> **Task instructions**: Starting at the first line and ending at the one with "3. Connect an", give the lines of the listing again exactly, and nothing else; skip the pictures.

> **Provided data**:
"""

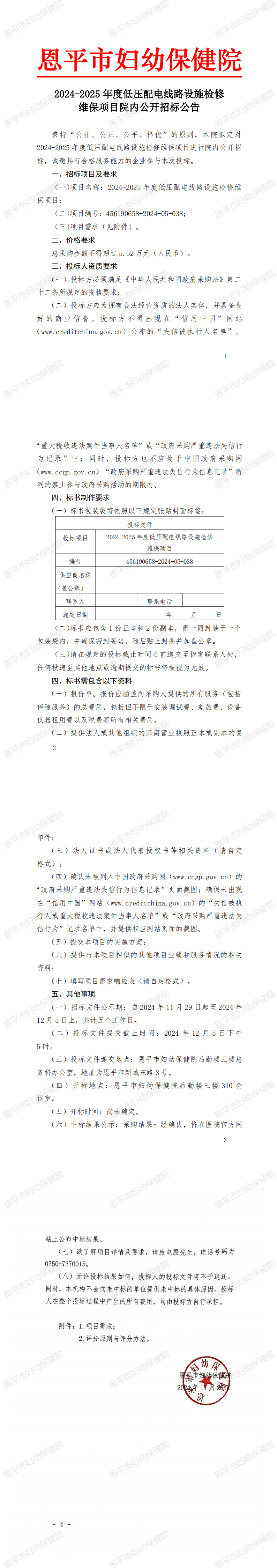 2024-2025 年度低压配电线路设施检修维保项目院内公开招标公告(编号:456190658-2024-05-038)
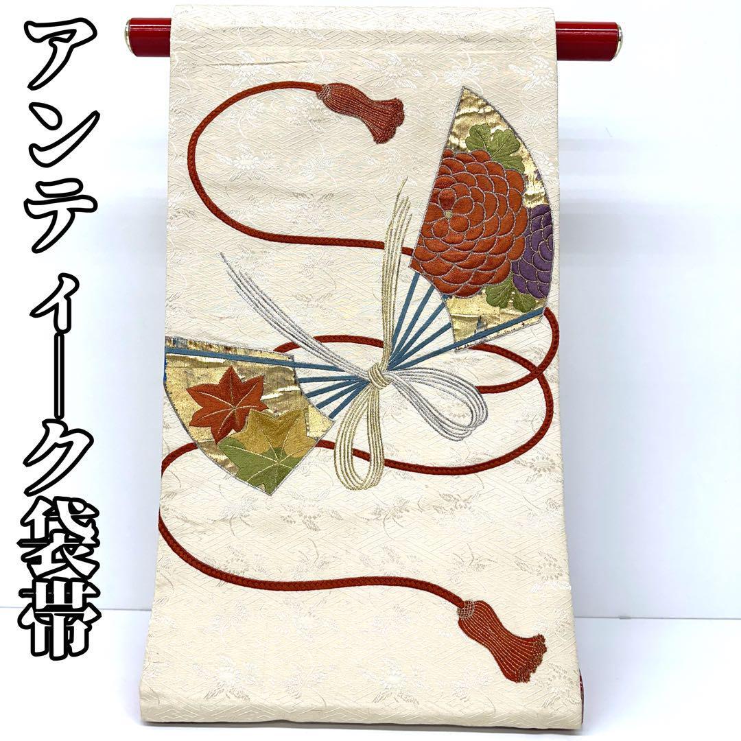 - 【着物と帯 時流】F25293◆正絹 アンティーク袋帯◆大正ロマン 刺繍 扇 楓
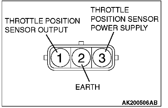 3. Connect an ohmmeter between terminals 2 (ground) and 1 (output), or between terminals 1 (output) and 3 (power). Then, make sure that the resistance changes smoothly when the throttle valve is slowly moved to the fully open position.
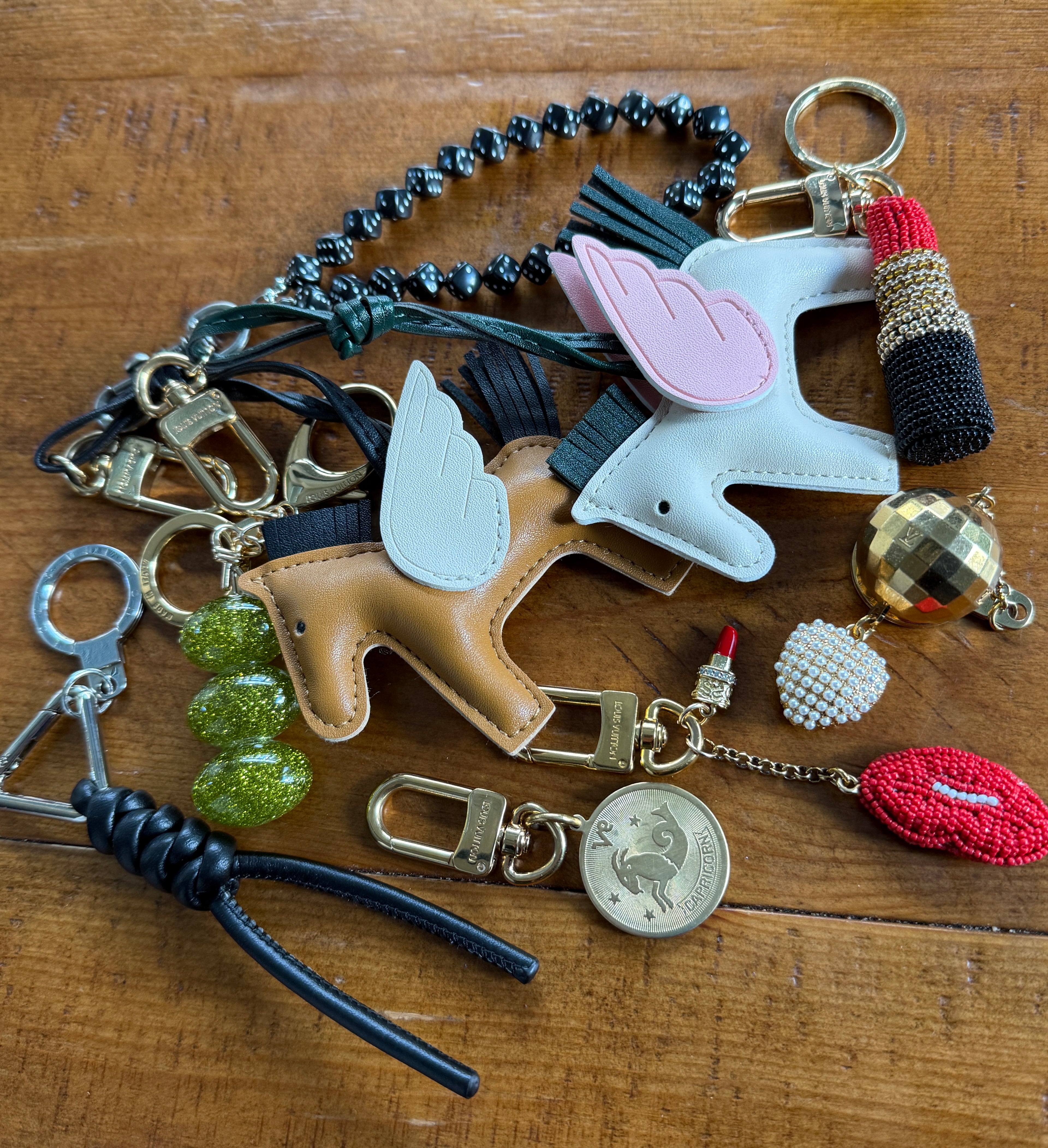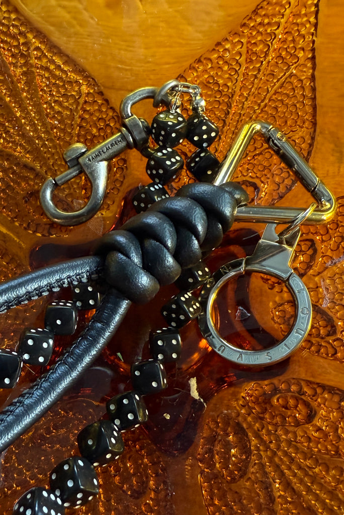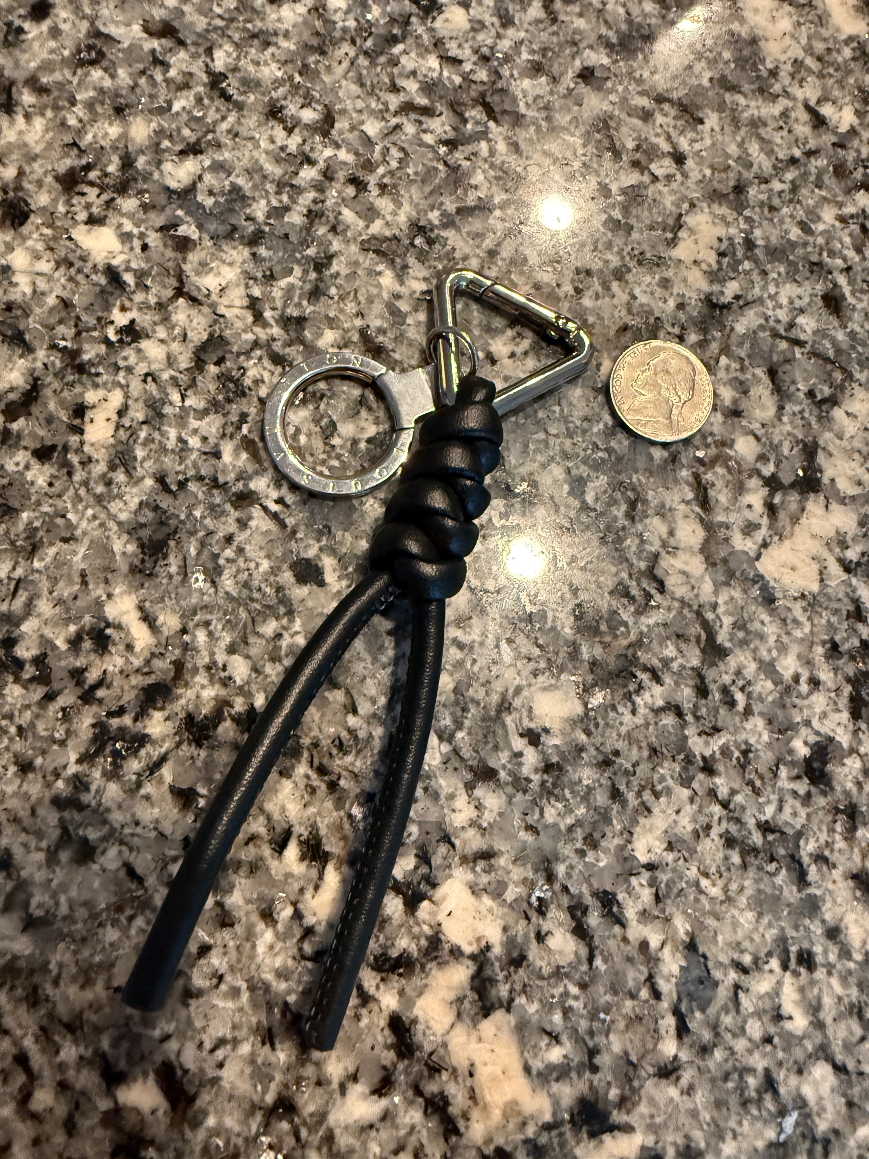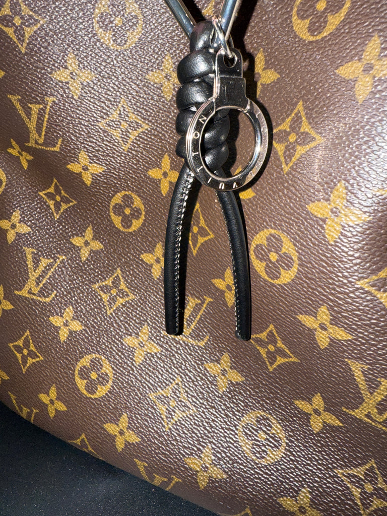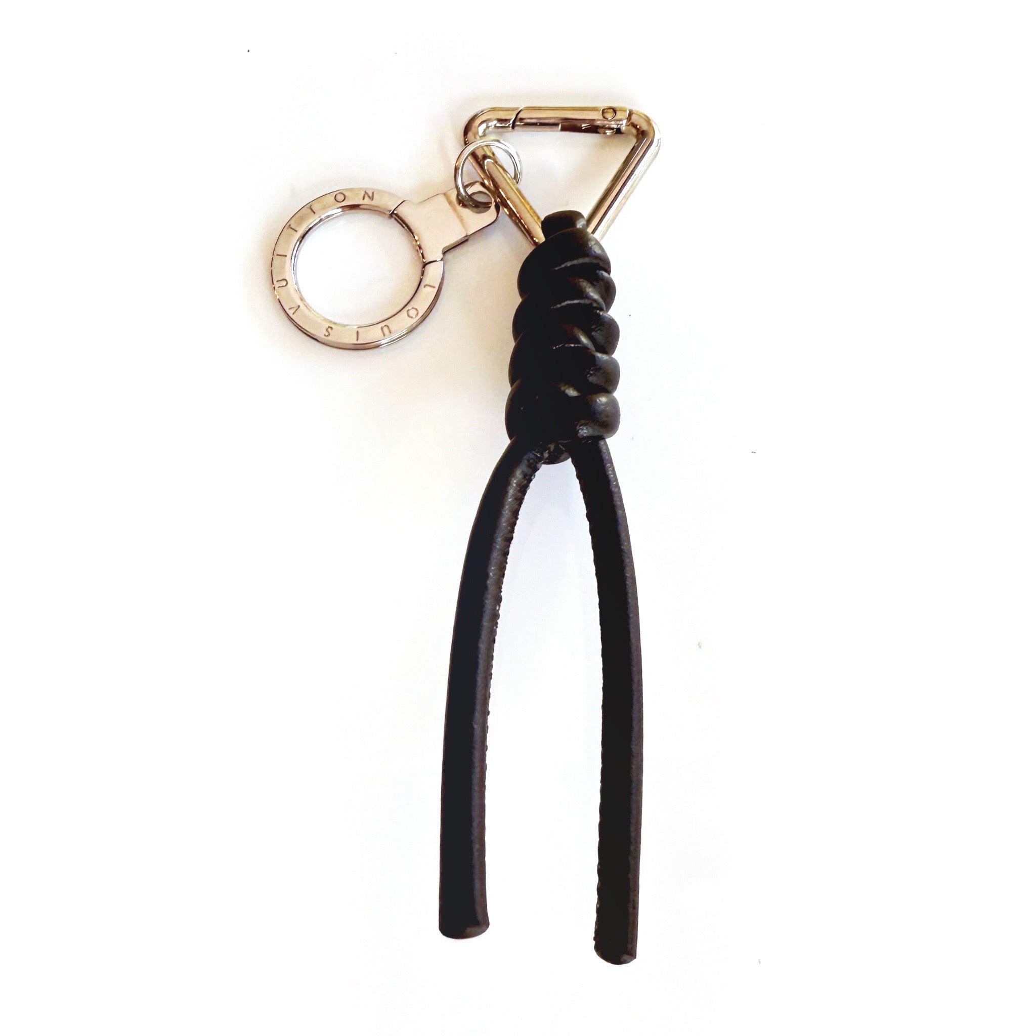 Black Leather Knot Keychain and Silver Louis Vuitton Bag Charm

"""

> **Output for this task**:
 2024-2025 年度低压配电线路设施检修维保项目院内公开招标公告(编号:456190658-2024-05-038)
 - 【着物と帯 時流】F25293◆正絹 アンティーク袋帯◆大正ロマン 刺繍 扇 楓
 3. Connect an ohmmeter between terminals 2 (ground) and 1 (output), or between terminals 1 (output) and 3 (power). Then, make sure that the resistance changes smoothly when the throttle valve is slowly moved to the fully open position.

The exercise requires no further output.